*WORK INSTRUCTIONS*.
The output is the line containing "One millimeter is" plus every later line down to the end of the listing below, copied exactly. No pictures belong in it.
——————
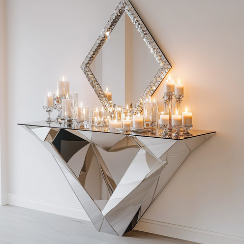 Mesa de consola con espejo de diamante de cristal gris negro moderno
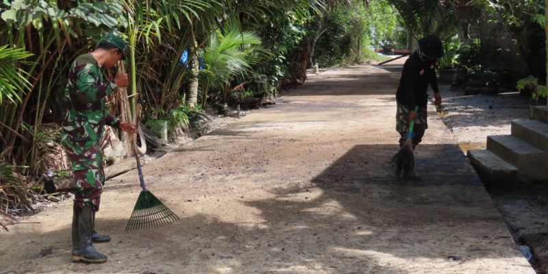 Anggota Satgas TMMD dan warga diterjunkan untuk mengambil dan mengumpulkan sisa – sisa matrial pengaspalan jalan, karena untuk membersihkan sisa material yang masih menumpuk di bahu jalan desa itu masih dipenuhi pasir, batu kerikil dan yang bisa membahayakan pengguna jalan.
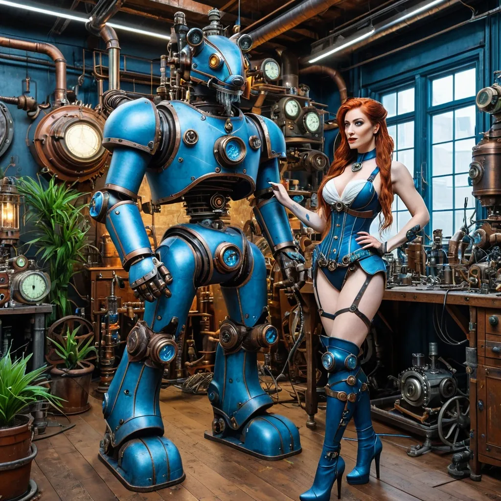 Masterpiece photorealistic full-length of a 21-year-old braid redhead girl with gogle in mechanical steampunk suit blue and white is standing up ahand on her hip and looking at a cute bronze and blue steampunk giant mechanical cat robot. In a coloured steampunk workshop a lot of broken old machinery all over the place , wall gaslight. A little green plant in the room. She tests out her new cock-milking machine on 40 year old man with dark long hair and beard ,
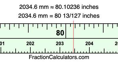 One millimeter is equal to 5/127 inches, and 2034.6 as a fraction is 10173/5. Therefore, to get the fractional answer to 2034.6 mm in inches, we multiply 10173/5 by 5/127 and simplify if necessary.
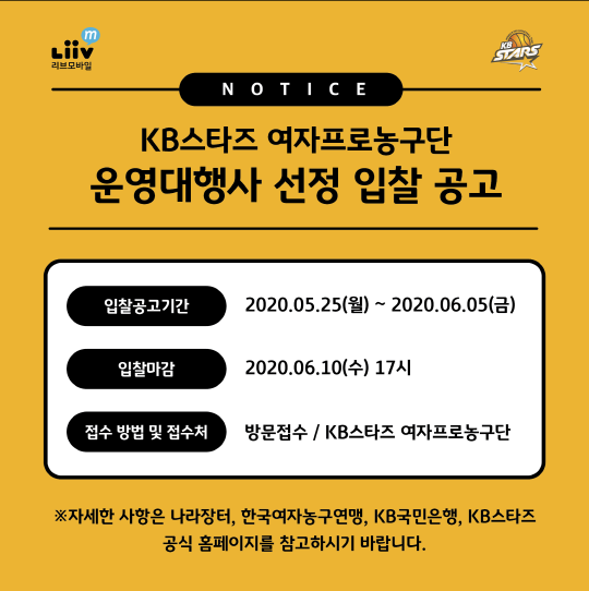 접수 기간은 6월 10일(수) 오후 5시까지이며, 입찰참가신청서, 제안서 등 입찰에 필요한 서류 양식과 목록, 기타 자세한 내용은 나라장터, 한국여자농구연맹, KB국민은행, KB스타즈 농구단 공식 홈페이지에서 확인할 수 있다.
——————
*TASK RESULT*.
 One millimeter is equal to 5/127 inches, and 2034.6 as a fraction is 10173/5. Therefore, to get the fractional answer to 2034.6 mm in inches, we multiply 10173/5 by 5/127 and simplify if necessary.
 접수 기간은 6월 10일(수) 오후 5시까지이며, 입찰참가신청서, 제안서 등 입찰에 필요한 서류 양식과 목록, 기타 자세한 내용은 나라장터, 한국여자농구연맹, KB국민은행, KB스타즈 농구단 공식 홈페이지에서 확인할 수 있다.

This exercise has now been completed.